The advantage comes more in maintainability. If you want to change the literal, you would need only change one occurrence with a constant but you would need to search and change every instance if they were included inline.
From the JLS
Compile-time constants of type String are always "interned" so as to share unique instances, using the method String.intern.
So, no, there's gonna be only one string object.
As Mark notes, this is strictly the question of maintainability and not performance.
The advantage is not in performance, but in maintainability and reliability.
Let me take a real example I came across just recently. A programmer created a function that took a String parameter that identified the type of a transaction. Then in the program he did string compares against this type. Like:
if (type.equals("stock"))
{ ... do whatever ... }
Then he called this function, passing it the value "Stock".
Do you notice the difference in capitalization? Neither did the original programmer. It proved to be a fairly subtle bug to figure out, because even looking at both listings, the difference in capitalization didn't strike me.

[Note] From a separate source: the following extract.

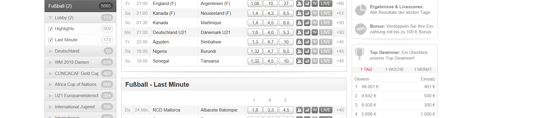 Links stehen verschiedene Sportarten, auf die man Wetten kann. Wenn ihr eine Wette eingegeben habt, findet ihr diese wieder im Wettschein, welcher euch oben rechts angezeigt wird.

If instead he had declared a final static, say
final static String stock="stock";
Then the first time he tried to pass in "Stock" instead of "stock", he would have gotten a compile-time error.
Better still in this example would have been to make an enum, but let's assume he actually had to write the string to an output file or something so it had to be a string.
Using final statics gives at least x advantages:
(1) If you mis-spell it, you get a compile-time error, rather than a possibly-subtle run-time error.
(2) A static can assign a meaingful name to a value. Which is more comprehensible:
if (employeeType.equals("R")) ...
or
if (employeeType.equals(EmployeeType.RETIRED)) ...
(3) When there are multiple related values, you can put a group of final statics together at the top of the program, thus informing future readers what all the possible values are. I've had plenty of times when I've seen a function compare a value against two or three literals. And that leaves me wondering: Are there other possible values, or is this it? (Better still is often to have an enum, but that's another story.)
All String literals are kept in a String cache (this is across all classes)
Using a constant can make the code clearer, give the the string some context and make the code easier to maintain esp if the same string appears in multiple places.
Those string literals are internalized, so no new String objects are created in the loop. Using the same literal twice could still be a sign for code smell, though; but not in terms of speed or memory usage.
In the cases you are providing, I believe the biggest reason for having it declared as FINAL_STRING
somewhere is to ensure it stays in one centralized location. There will only ever be one instance of that string constant, but the first example is far easier to maintain.